#### Instructions to follow
Word for word, output every line of the material below, minus pictures.

Extracted data Block Start

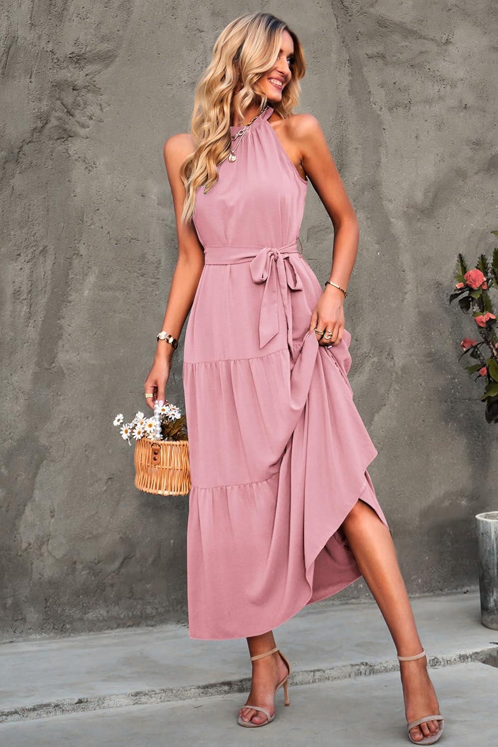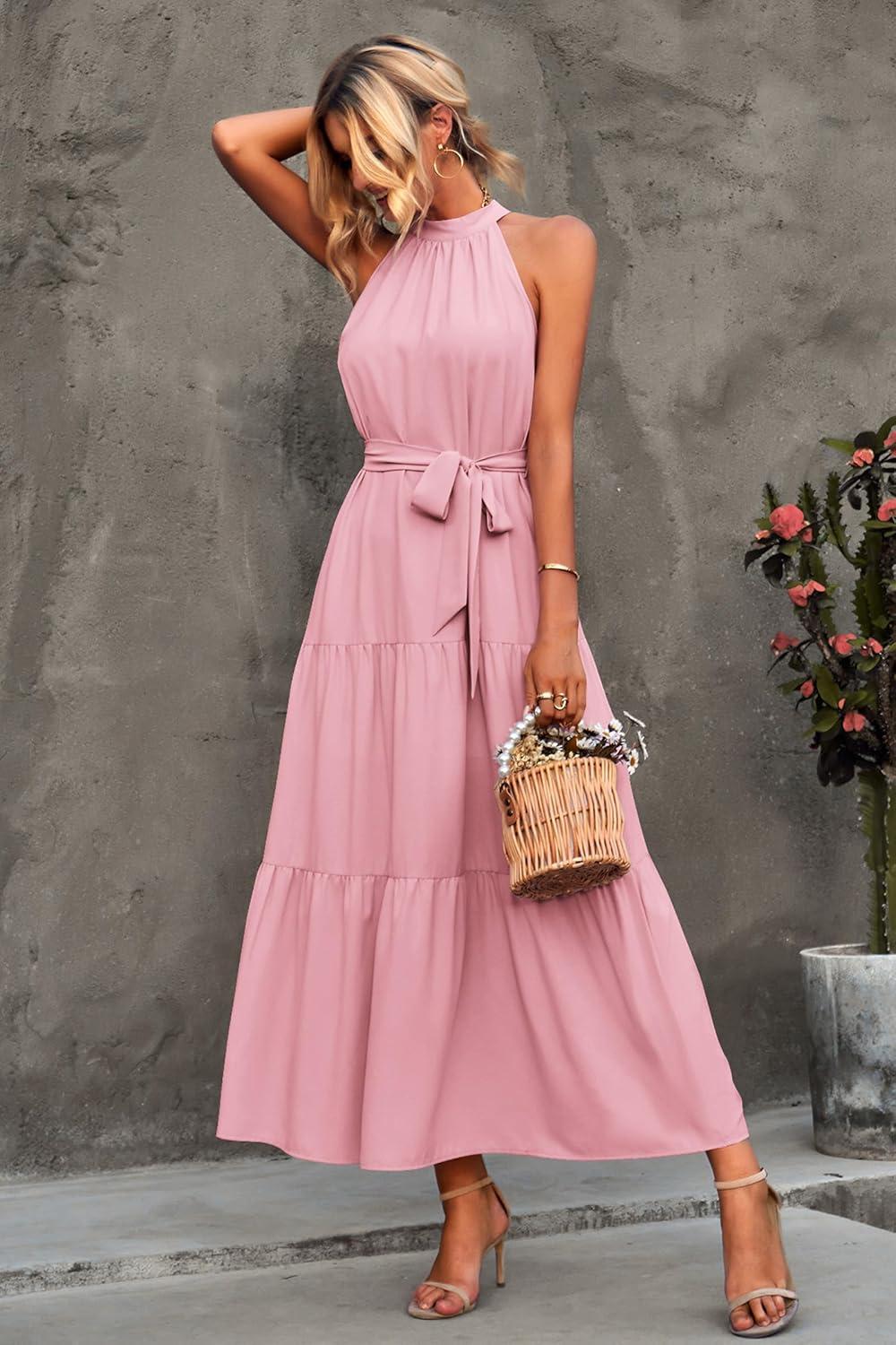 PRETTYGARDEN Women's Summer Floral Maxi Sun Dress Sleeveless Halter Neck Flowy Ruffle Hem Long Boho Dresses with Belt(Solid Pink)
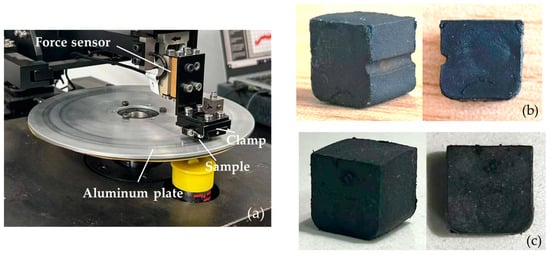 The test rig depicted in Figure 13a comprises several key components, including a beam, a clamping mechanism to secure the rubber block, and a rotary disc made of aluminum. Two force sensors are mounted to measure the frictional force in the x-direction and the vertical force in the y-direction, respectively. The rubber blocks with and without a groove are illustrated in Figure 13b,c, respectively.
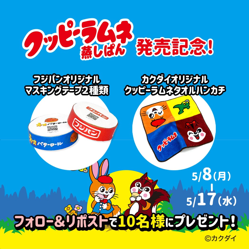 2023年5月8日~5月17日の期間、フジパン公式インスタグラムにおいてキャンペーンを実施します。フジパンアカウントをフォローし、「#クッピーラムネ蒸しぱん」を付けた投稿をリポストすると抽選で10名様にフジパンオリジナルマスキングテープ(2種)とカクダイ製菓オリジナルタオルハンカチをプレゼント。ハッシュタグを付けて商品画像を投稿すると当選確率UPのチャンス。
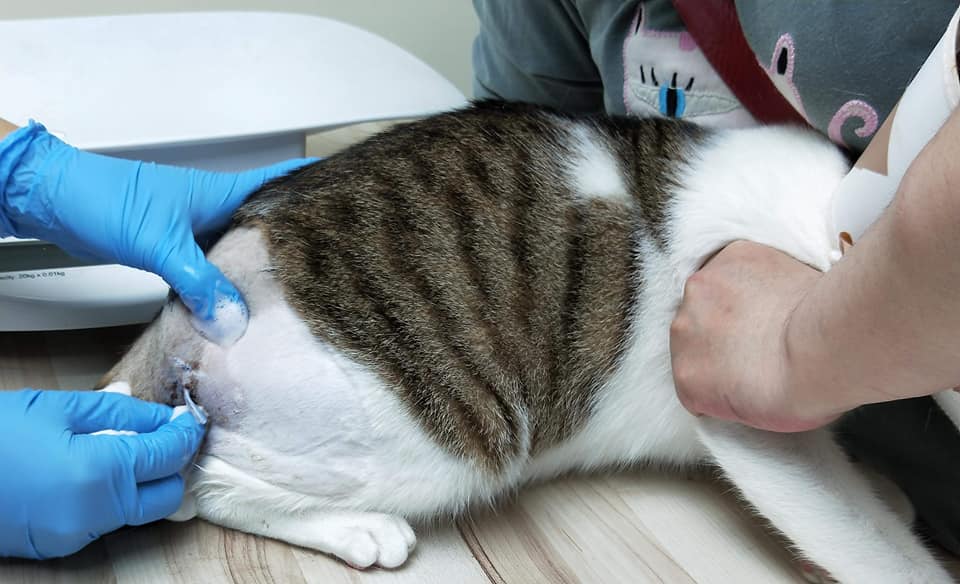 1.溫溫剃毛之後發現右後大腿根部靠近屁股的地方有血腫,且有被打洞的痕跡,醫師隨即決定麻醉引流。
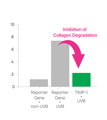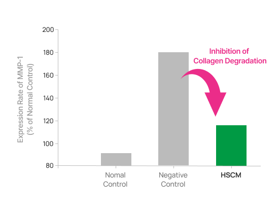 When dermal cells were exposed to UV radiation, MMP-1 levels increased by over 80% compared to the non-irradiated control group. However, when dermal cells were exposed to UV radiation in the presence of HSCM, the synthesis of MMP-1 was significantly reduced to 20%. This suppression of MMP-1 helps inhibit collagen breakdown in dermal cells, thereby maintaining collagen levels in the skin.
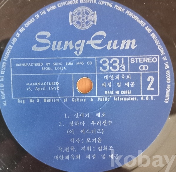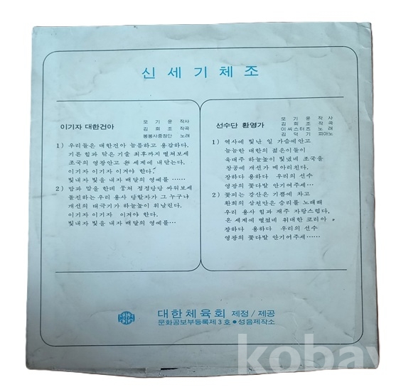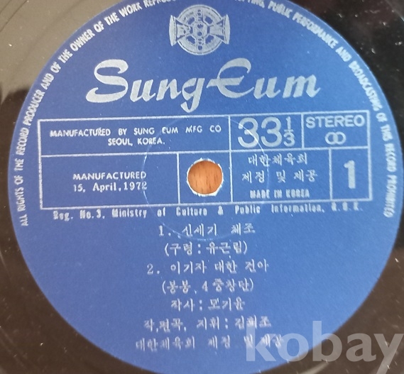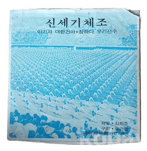 정확한 년도미상? 60년대 후반~ 70년대 초반에 걸쳐 대한체육회에서 제정하고 성음사에서 제작 되었읍니다. 대한체육회-, 어디서 많이 듣던 이름으로 지금도 그 명칭대로가 아닌가 싶습니다. 당시 거기서 국민들에게 체조보급을 위한 홍보용으로 만든것으로 보입니다. 아시겠지만 6.25직전 일본에 의뢰 들어올려던 "라디오 체조"가 6.25 전쟁통으로 무산이 되고 뒤에 재건체조를 비록 여기 신세기체조, 국민체조, 가정체조 등등이 있었지요. 특이하게는 군대에서 하던 국군도수체조 음반도 있었고... 이들 음반들은 이젠 정말 하나같이 구하긴 어렵다하겠지요. 세월이 갈수록 더하겠지요.. 기회에 한점 소장하시는것도 좋지 않을까 생각도 들고.
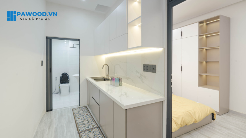 Để cải thiện ánh sáng cho tủ bếp, Phú An trang bị cho bếp 1 dãy đèn led hỗ trợ ánh sáng khi sử dụng, nhờ vào đó mà tạo điểm nhấn cho không gian thêm phần sáng sủa, hiện đại.
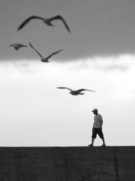Mi piace il contrasto di proporzioni tra gabbiani e uomo.
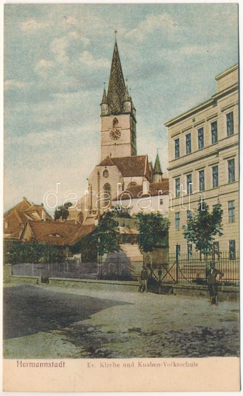 1911 Nagyszeben, Hermannstadt, Sibiu; Ev. Kirche und Knaben-Volksschule. Verlag G. A. Seraphin / Evangélikus templom és fiú iskola / street, Lutheran boy school and church (EK)
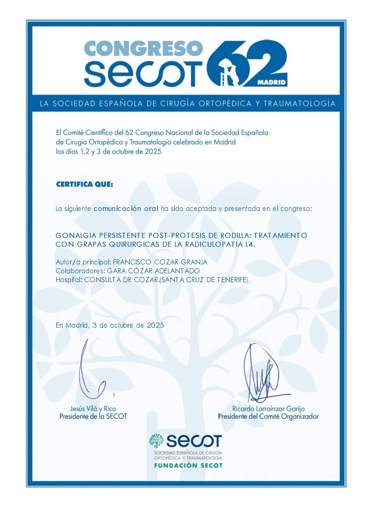 Excelente. Recomendado que vayan al Traumatólogo Doctor Francisco Cózar de la Granja
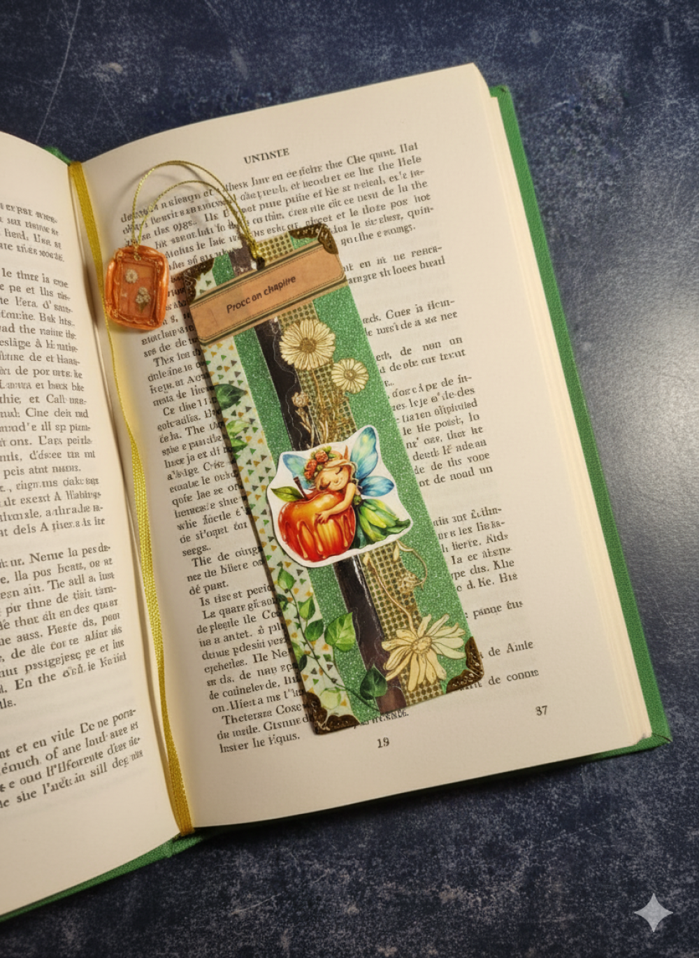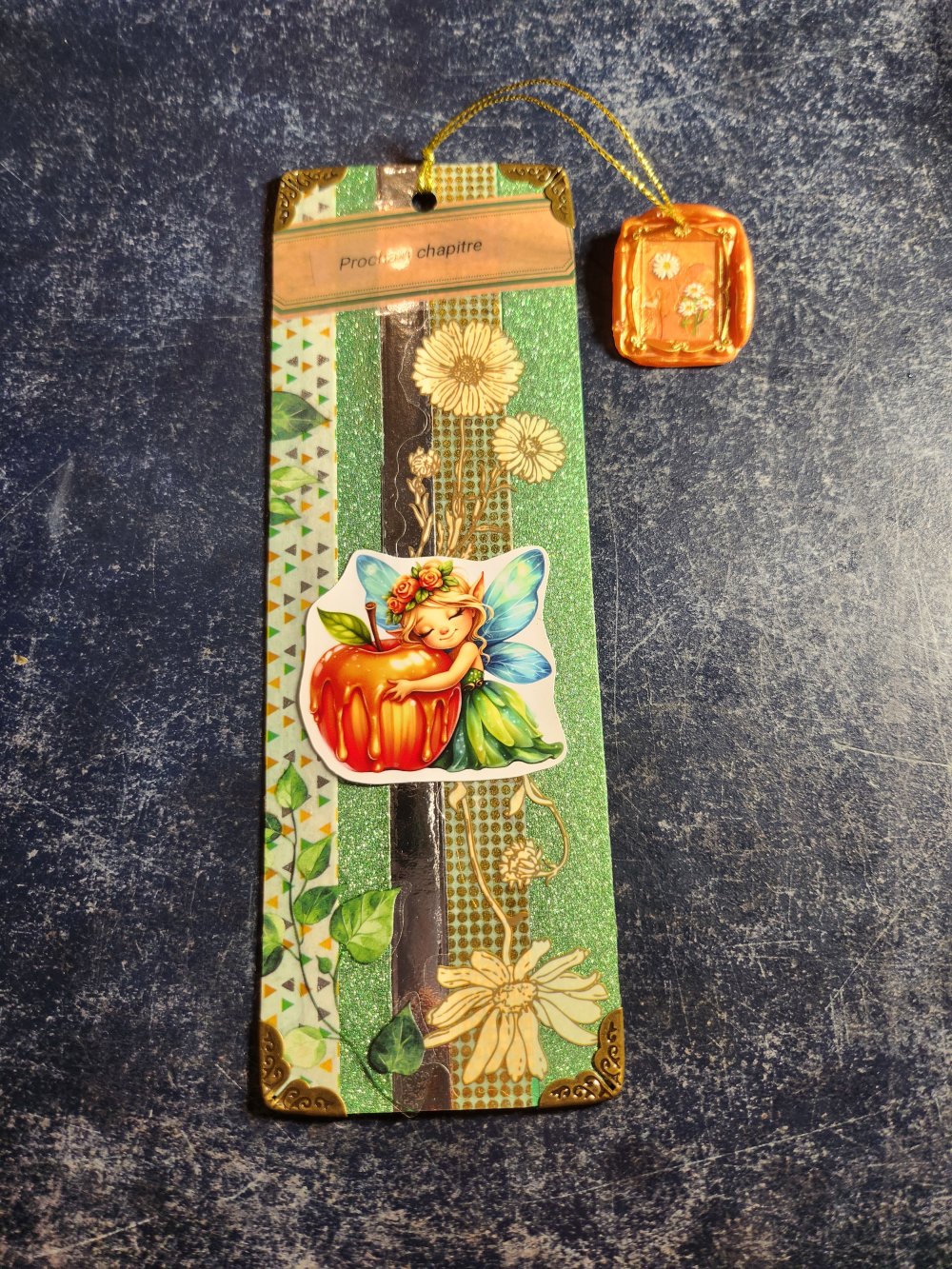 Marque-page artisanal unique mettant en avant une petite fée. Finition mini cadre façon cire à cacheter

Extracted data Block End

#### Solved exercise
 PRETTYGARDEN Women's Summer Floral Maxi Sun Dress Sleeveless Halter Neck Flowy Ruffle Hem Long Boho Dresses with Belt(Solid Pink)
 The test rig depicted in Figure 13a comprises several key components, including a beam, a clamping mechanism to secure the rubber block, and a rotary disc made of aluminum. Two force sensors are mounted to measure the frictional force in the x-direction and the vertical force in the y-direction, respectively. The rubber blocks with and without a groove are illustrated in Figure 13b,c, respectively.
 2023年5月8日~5月17日の期間、フジパン公式インスタグラムにおいてキャンペーンを実施します。フジパンアカウントをフォローし、「#クッピーラムネ蒸しぱん」を付けた投稿をリポストすると抽選で10名様にフジパンオリジナルマスキングテープ(2種)とカクダイ製菓オリジナルタオルハンカチをプレゼント。ハッシュタグを付けて商品画像を投稿すると当選確率UPのチャンス。
 1.溫溫剃毛之後發現右後大腿根部靠近屁股的地方有血腫,且有被打洞的痕跡,醫師隨即決定麻醉引流。
 When dermal cells were exposed to UV radiation, MMP-1 levels increased by over 80% compared to the non-irradiated control group. However, when dermal cells were exposed to UV radiation in the presence of HSCM, the synthesis of MMP-1 was significantly reduced to 20%. This suppression of MMP-1 helps inhibit collagen breakdown in dermal cells, thereby maintaining collagen levels in the skin.
 정확한 년도미상? 60년대 후반~ 70년대 초반에 걸쳐 대한체육회에서 제정하고 성음사에서 제작 되었읍니다. 대한체육회-, 어디서 많이 듣던 이름으로 지금도 그 명칭대로가 아닌가 싶습니다. 당시 거기서 국민들에게 체조보급을 위한 홍보용으로 만든것으로 보입니다. 아시겠지만 6.25직전 일본에 의뢰 들어올려던 "라디오 체조"가 6.25 전쟁통으로 무산이 되고 뒤에 재건체조를 비록 여기 신세기체조, 국민체조, 가정체조 등등이 있었지요. 특이하게는 군대에서 하던 국군도수체조 음반도 있었고... 이들 음반들은 이젠 정말 하나같이 구하긴 어렵다하겠지요. 세월이 갈수록 더하겠지요.. 기회에 한점 소장하시는것도 좋지 않을까 생각도 들고.
 Để cải thiện ánh sáng cho tủ bếp, Phú An trang bị cho bếp 1 dãy đèn led hỗ trợ ánh sáng khi sử dụng, nhờ vào đó mà tạo điểm nhấn cho không gian thêm phần sáng sủa, hiện đại.
Mi piace il contrasto di proporzioni tra gabbiani e uomo.
 1911 Nagyszeben, Hermannstadt, Sibiu; Ev. Kirche und Knaben-Volksschule. Verlag G. A. Seraphin / Evangélikus templom és fiú iskola / street, Lutheran boy school and church (EK)
 Excelente. Recomendado que vayan al Traumatólogo Doctor Francisco Cózar de la Granja
 Marque-page artisanal unique mettant en avant une petite fée. Finition mini cadre façon cire à cacheter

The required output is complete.